(Beginning of Records for this exercise)

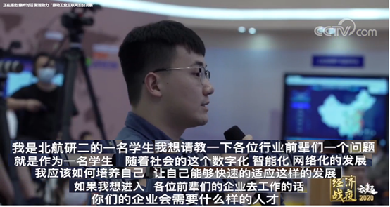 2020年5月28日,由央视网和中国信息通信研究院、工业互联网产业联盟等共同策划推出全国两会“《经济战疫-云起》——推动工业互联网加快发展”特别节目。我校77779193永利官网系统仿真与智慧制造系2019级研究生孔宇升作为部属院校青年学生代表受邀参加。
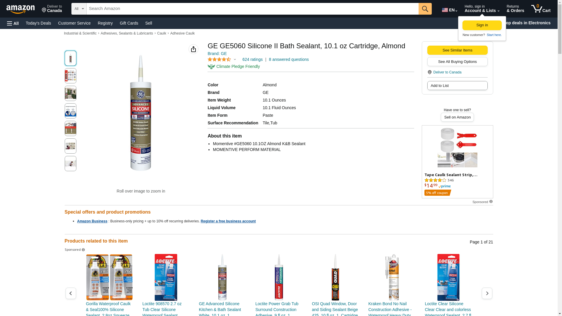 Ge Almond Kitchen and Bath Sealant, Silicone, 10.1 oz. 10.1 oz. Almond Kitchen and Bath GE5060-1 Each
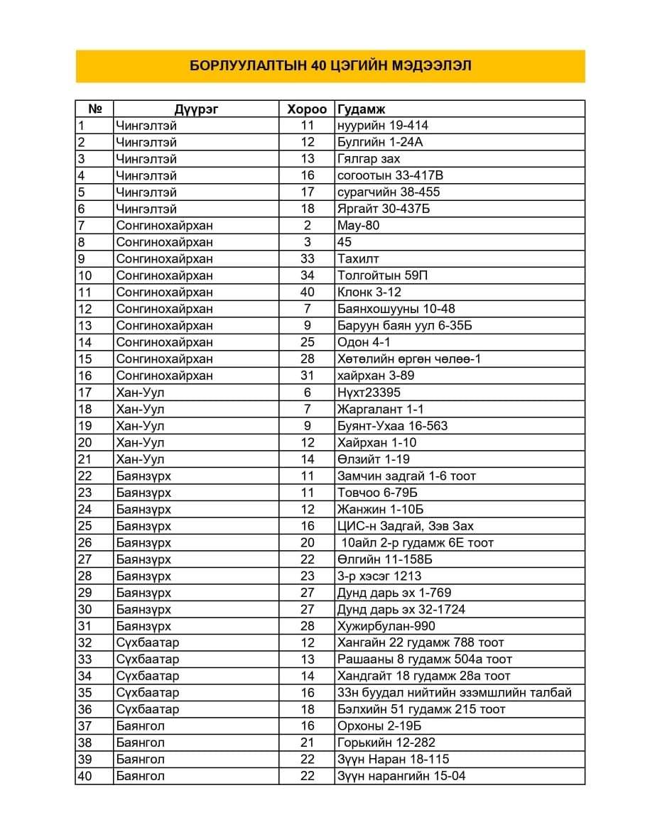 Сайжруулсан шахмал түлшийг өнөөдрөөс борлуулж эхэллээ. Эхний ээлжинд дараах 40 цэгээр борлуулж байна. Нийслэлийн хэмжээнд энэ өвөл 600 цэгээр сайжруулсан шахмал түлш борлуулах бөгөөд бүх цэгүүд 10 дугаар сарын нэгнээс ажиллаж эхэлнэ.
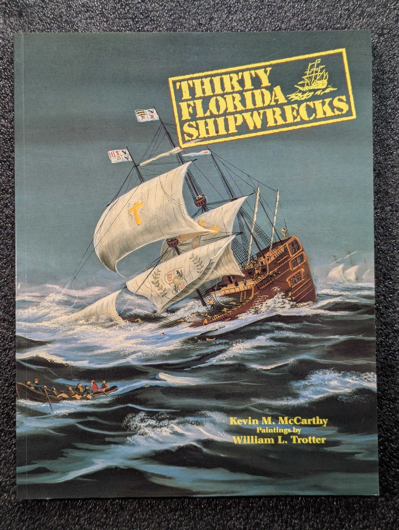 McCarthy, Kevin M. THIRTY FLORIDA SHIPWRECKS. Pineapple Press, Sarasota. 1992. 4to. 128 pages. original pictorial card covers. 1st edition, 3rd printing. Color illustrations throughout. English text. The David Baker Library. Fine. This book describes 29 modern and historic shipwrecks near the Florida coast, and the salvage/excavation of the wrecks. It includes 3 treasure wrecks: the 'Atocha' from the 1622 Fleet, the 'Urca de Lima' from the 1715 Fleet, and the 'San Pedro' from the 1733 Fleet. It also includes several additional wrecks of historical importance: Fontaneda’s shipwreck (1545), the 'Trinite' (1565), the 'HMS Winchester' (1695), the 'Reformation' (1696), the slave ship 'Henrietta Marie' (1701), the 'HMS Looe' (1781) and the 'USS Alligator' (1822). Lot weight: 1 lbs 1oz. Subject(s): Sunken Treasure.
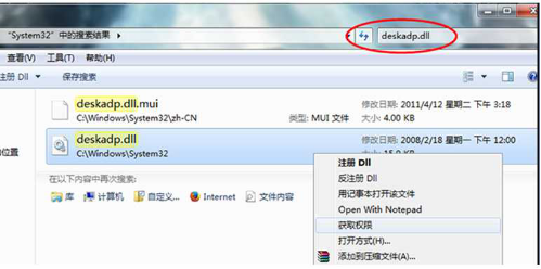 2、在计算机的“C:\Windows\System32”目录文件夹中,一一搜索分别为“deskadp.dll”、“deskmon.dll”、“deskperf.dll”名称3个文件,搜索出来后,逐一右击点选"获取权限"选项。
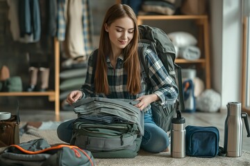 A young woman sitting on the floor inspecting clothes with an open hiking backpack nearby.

(End of Records for this exercise)
(Beginning of Records for this exercise)

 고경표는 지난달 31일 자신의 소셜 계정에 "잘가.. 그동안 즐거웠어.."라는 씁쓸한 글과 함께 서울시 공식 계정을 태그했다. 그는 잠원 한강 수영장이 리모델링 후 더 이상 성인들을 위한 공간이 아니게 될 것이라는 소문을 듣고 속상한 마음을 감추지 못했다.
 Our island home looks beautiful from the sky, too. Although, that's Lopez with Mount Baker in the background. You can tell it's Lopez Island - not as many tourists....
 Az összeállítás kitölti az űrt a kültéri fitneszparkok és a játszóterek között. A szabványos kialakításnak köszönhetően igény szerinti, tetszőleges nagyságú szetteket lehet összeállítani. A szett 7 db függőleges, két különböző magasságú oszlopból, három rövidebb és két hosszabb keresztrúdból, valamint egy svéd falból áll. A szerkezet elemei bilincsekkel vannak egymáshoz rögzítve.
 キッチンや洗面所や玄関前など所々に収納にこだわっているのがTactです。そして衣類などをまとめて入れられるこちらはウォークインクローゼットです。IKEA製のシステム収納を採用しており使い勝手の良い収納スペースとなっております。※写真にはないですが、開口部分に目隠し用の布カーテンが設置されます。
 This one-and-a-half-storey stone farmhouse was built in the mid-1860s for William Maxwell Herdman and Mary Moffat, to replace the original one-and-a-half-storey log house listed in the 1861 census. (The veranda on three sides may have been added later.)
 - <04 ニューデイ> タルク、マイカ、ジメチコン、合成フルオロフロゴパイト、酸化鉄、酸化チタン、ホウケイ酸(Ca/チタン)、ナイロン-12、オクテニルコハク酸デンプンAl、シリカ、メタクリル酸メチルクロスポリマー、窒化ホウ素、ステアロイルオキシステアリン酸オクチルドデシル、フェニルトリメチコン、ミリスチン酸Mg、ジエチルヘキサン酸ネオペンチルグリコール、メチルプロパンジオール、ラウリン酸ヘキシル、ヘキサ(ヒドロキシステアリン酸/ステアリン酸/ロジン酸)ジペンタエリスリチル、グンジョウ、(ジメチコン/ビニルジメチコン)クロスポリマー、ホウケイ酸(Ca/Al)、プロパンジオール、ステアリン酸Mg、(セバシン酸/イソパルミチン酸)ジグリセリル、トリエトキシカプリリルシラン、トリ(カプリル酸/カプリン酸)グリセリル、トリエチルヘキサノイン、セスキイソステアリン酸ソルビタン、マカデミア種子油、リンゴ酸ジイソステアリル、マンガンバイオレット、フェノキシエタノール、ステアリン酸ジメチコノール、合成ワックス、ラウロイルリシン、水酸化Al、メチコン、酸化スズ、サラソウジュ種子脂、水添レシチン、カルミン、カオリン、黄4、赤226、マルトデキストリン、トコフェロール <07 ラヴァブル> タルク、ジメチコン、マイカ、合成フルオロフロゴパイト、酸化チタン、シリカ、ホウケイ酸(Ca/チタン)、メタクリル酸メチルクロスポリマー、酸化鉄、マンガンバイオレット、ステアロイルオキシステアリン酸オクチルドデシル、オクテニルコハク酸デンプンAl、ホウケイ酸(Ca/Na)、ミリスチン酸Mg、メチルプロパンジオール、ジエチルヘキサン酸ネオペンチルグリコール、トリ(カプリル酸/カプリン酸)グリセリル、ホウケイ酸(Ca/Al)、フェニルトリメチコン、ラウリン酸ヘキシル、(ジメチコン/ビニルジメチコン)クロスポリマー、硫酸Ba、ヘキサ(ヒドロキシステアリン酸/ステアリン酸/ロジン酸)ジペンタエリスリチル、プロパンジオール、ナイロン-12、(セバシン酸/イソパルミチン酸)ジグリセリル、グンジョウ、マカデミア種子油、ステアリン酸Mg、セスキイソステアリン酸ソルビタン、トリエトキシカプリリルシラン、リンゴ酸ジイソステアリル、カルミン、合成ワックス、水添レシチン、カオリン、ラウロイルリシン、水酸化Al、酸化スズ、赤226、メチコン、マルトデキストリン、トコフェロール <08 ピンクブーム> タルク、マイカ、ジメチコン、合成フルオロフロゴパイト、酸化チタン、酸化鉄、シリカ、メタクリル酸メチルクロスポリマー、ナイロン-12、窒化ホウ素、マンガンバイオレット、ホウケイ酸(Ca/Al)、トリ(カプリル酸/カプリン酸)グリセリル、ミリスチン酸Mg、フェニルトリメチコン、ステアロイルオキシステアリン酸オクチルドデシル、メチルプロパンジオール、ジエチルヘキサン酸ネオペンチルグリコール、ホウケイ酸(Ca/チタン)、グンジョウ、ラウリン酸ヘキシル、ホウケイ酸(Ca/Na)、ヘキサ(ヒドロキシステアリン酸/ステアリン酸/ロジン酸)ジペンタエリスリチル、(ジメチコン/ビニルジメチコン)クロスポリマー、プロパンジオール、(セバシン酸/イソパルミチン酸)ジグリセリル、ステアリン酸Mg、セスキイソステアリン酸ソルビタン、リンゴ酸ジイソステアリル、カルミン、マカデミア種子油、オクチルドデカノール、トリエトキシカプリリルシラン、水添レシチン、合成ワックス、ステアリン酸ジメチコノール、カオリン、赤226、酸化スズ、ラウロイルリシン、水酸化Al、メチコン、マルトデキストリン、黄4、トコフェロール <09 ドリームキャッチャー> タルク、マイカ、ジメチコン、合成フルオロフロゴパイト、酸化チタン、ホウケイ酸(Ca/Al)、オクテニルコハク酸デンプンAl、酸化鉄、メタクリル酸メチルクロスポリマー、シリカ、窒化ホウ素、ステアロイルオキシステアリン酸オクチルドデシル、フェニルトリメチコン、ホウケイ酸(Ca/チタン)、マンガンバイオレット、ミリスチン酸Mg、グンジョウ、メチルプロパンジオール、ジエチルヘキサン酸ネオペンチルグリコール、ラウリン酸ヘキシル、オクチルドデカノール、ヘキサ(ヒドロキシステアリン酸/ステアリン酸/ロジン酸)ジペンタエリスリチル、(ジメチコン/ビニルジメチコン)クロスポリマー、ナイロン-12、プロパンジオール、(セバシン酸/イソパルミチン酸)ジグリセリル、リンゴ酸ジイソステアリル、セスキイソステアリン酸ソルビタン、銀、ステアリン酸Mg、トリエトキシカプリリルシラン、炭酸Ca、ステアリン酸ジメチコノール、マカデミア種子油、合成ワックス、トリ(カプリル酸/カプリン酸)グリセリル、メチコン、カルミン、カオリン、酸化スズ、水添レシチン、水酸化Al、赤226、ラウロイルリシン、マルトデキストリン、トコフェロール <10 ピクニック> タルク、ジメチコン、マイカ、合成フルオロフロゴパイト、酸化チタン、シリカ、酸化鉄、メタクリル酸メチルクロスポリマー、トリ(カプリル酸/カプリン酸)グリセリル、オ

(End of Records for this exercise)

• What the exercise asks:
What is needed is an exact copy of only the lines above from the one with "McCarthy, Kevin M." to the one with "A young woman", both kept, with every picture left out.

• Answer section:
 McCarthy, Kevin M. THIRTY FLORIDA SHIPWRECKS. Pineapple Press, Sarasota. 1992. 4to. 128 pages. original pictorial card covers. 1st edition, 3rd printing. Color illustrations throughout. English text. The David Baker Library. Fine. This book describes 29 modern and historic shipwrecks near the Florida coast, and the salvage/excavation of the wrecks. It includes 3 treasure wrecks: the 'Atocha' from the 1622 Fleet, the 'Urca de Lima' from the 1715 Fleet, and the 'San Pedro' from the 1733 Fleet. It also includes several additional wrecks of historical importance: Fontaneda’s shipwreck (1545), the 'Trinite' (1565), the 'HMS Winchester' (1695), the 'Reformation' (1696), the slave ship 'Henrietta Marie' (1701), the 'HMS Looe' (1781) and the 'USS Alligator' (1822). Lot weight: 1 lbs 1oz. Subject(s): Sunken Treasure.
 2、在计算机的“C:\Windows\System32”目录文件夹中,一一搜索分别为“deskadp.dll”、“deskmon.dll”、“deskperf.dll”名称3个文件,搜索出来后,逐一右击点选"获取权限"选项。
 A young woman sitting on the floor inspecting clothes with an open hiking backpack nearby.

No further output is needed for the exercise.